Everyday I have people ask how Aiden is doing. It has been a very long time since I have write anything. Trying to settle back into normal life over the last month has had its ups and downs.
As we come to the one year mark when our world changed forever, I feel the effects of PTSD settle in. I will close my eyes and have flash back from Boston, or images of Aiden the night before surgery, or yelling down the hall at sick kids in panic at the clown to go get help. These moments somehow just got pushed aside as a great importance of being strong for Aiden overtook these moment. In the quite of my home I recollect the year past.
The last couple weeks since Aiden being home have been a whirl wind of chaos. Stepping into the busiest time of year at work has been both a blessing and a curse. My mind has not had time to wander but also no time to establish a structure and routine now that all boys are home. I feel like I could hibernate a week and that still would not be enough. But I am coming to terms with the fact this is my life now. I have three boys, one with special needs, I have my own house and a full time job. I am going to be busy! The saying goes “there is no rest for the wicked” but I think they meant to replace wicked with words cancer mom.
Today we woke at 6:30am I got all the boys ready with drop off at daycare and school and then hit hwy 7 with Aiden heading to our appointment at Sick Kids in Toronto.

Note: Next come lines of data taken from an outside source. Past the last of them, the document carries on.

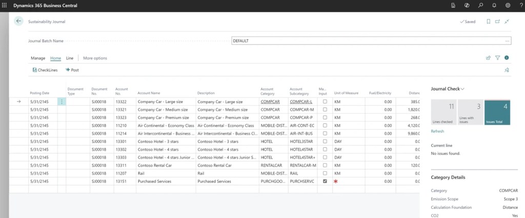 Sustainability Journals can then be used to record sustainability-related activities and metrics within an organization, using the same user experience as other journals in Business Central. Within the journal, users have the option to input emissions manually if they possess the necessary information. Alternatively, if they lack this data, they can utilize built-in formulas to accurately calculate emissions based on specific known parameters corresponding to various types of sources and accounts.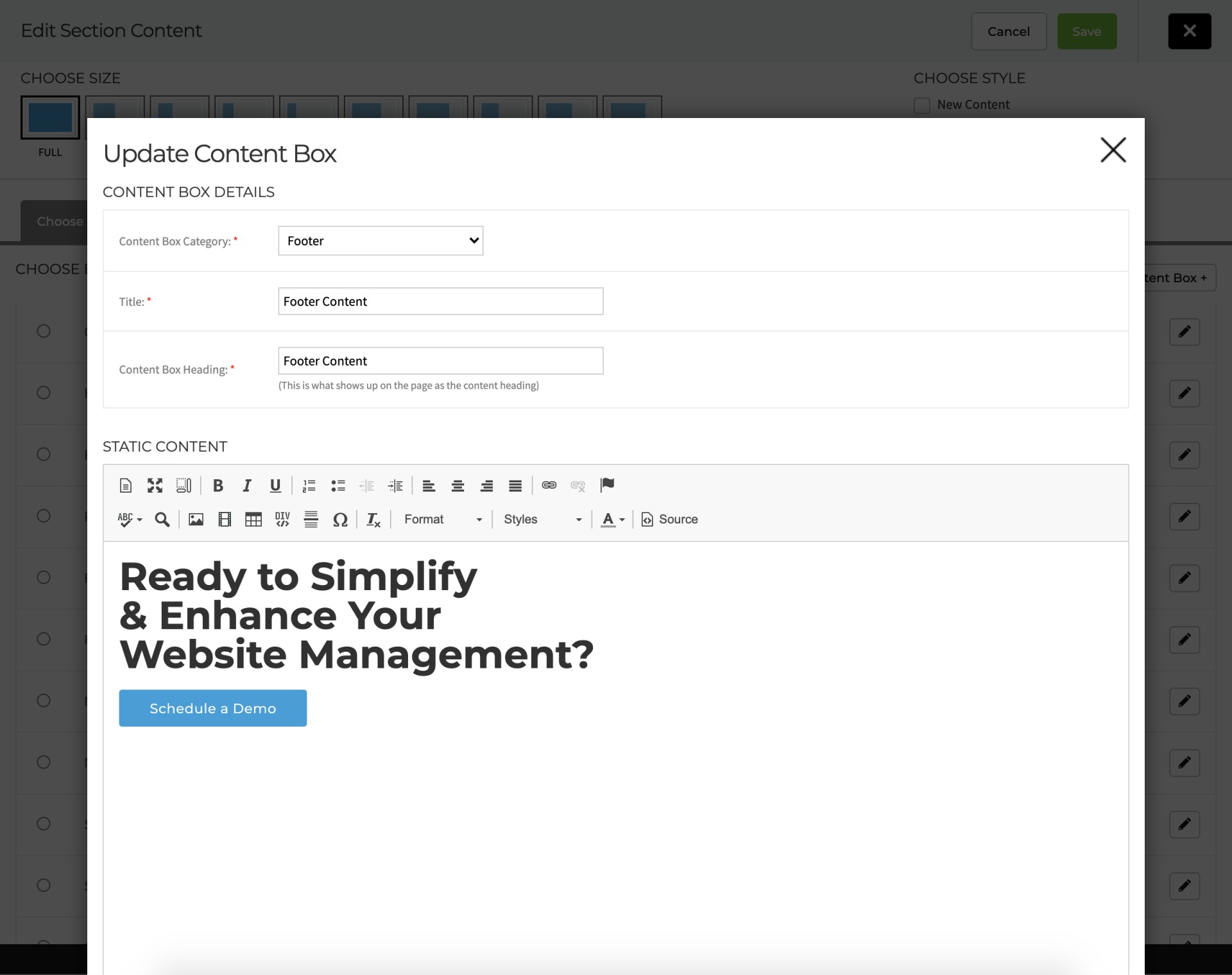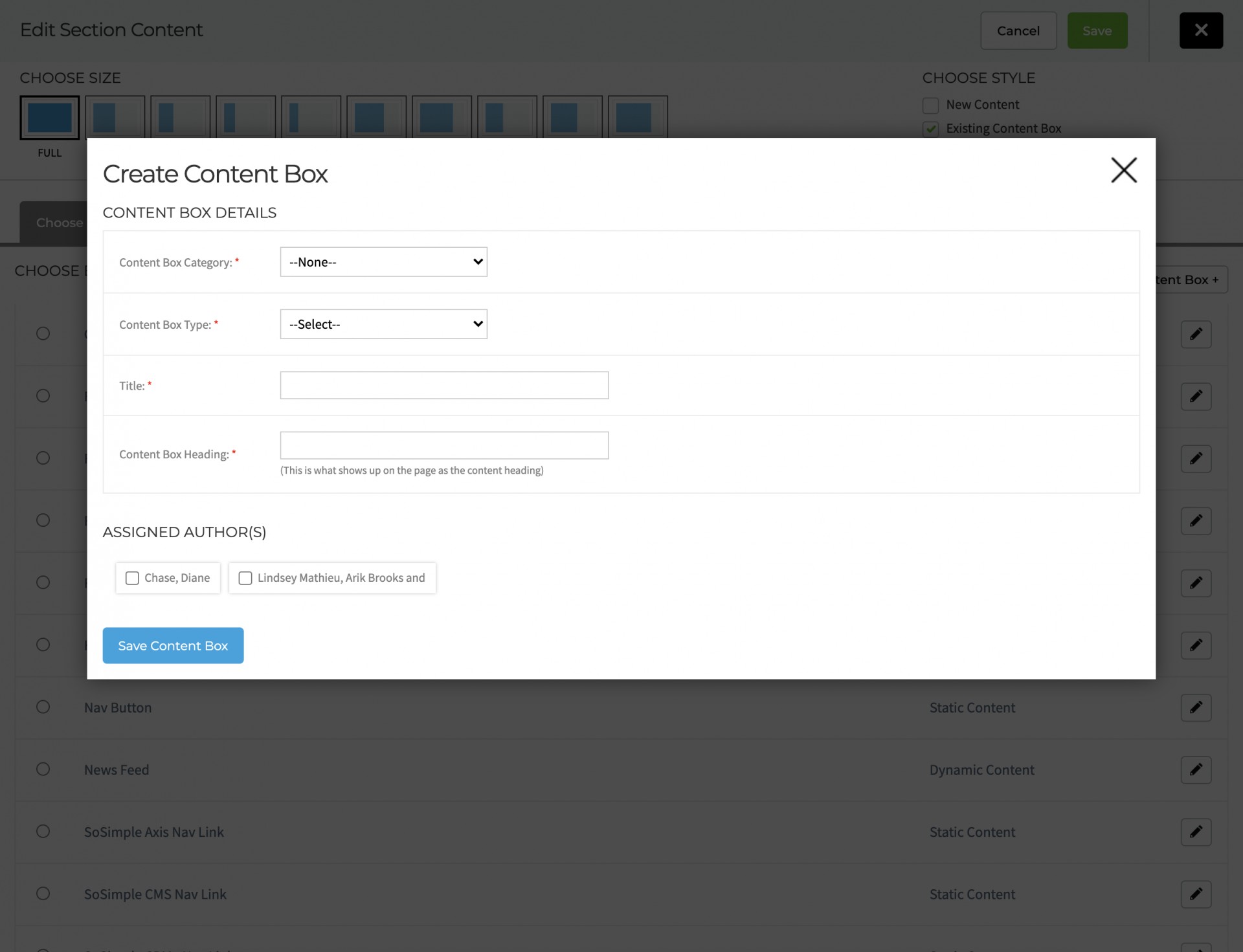 The second enhancement includes an updated Edit option, which allows clients to edit existing content boxes directly from the Existing Content Box style layout editor. When the Edit button to the right of any existing box is clicked, clients will now see the full editor for the content box in a pop-up window, allowing them to more easily make changes to shared content boxes, without having to navigate away to the Content Boxes section of the CMS.
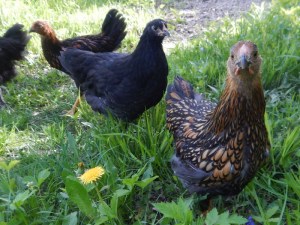At dusk, Cyndie found them all in the coop, although reporting the good news with frustration that they still are showing no interest in roosting. I’m hoping that natural chicken instinct will get them up there eventually. Last year’s young coop residents needed no encouragement to seek the highest possible perch.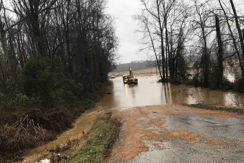 Montgomery County Emergency Management Director Alan Pratt said that Gordon Road had water over the road, and Sweet Home Road was washed out Tuesday afternoon. He said a bus got stuck in the water attempting to take students home on Hendrix Road, just to the north of Lower Milligan Springs Road in Kilmichael.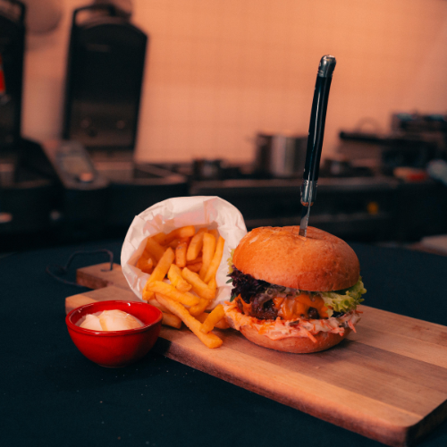 Let op: standaard zonder frites, deze kun je hieronder bijbestellen.

Today they sedated Aiden and put him under for a couple things. They replaced his gtube button which usually gets replaced every 6 months but thankfully his has held out for almost a year. I had to go to the specialty food shop at the hospital, purchase the button but not take it. The plan was for the gtube nurse to bring a couple sizes down while he was under to see which size would fit now. Thank you to the team at Sick Kids and my Cheo interlink nurse for helping arrange this. He had gone down a size from all the weight loss so I am hoping this button will be more comfortable for him with less leaking and granulation.
I have kinda kept this appointment quite, as I flashback to our MRI in Boston during radiation. Is it working? In this case did it work? In addition to the gtube replaced Aiden also had his final post treatment MRI. We had tried this a month ago but because he had his cvl line removed for swimming at Bloorview he went ballistic when they tried to inject the contrast needle and the MRI never got done. So we were back at it. This time sedated so they should have very clear pictures but also they were able to do a lumbar puncture to test if there are any live cancer cells in his spinal fluid still. When I got the call they would be doing this I was speechless for moment. I did not even know what a “LP” was. They had never done this before which nurse made sound odd that he never had done at diagnosis. I asked what it was and what it would mean. I also asked, maybe to my regret, what happened if they find something. To which the reply was “the team would sit down and discuss further treatment at that point” I can not even being to imagine more treatments. These words have rang through my head so many time at this point I don’t even know exactly how they went anymore or what is the creation of the mind but it was along those lines either way.
So as I lay here at 12:30am and I was once asleep and now awake I think back on the day. I think back on watching Aiden struggle to not breath as the mask was put on his face, I think back to the foster mother I met in the hall who shows me the good in the world and asks me how I am still smiling; I think back to seeing Aiden fast asleep then screaming and crying as they remove the IV line and he begins to wake. I think back to the drive in traffic as Aiden repeats the same questions over and over with poor short term memory as I try to hold it together and concentrate on the road. How can so many pieces fit into one day?! Tomorrow we will do the city commute from Barrie to downtown and tomorrow we will go to clinic and that is all I know right now.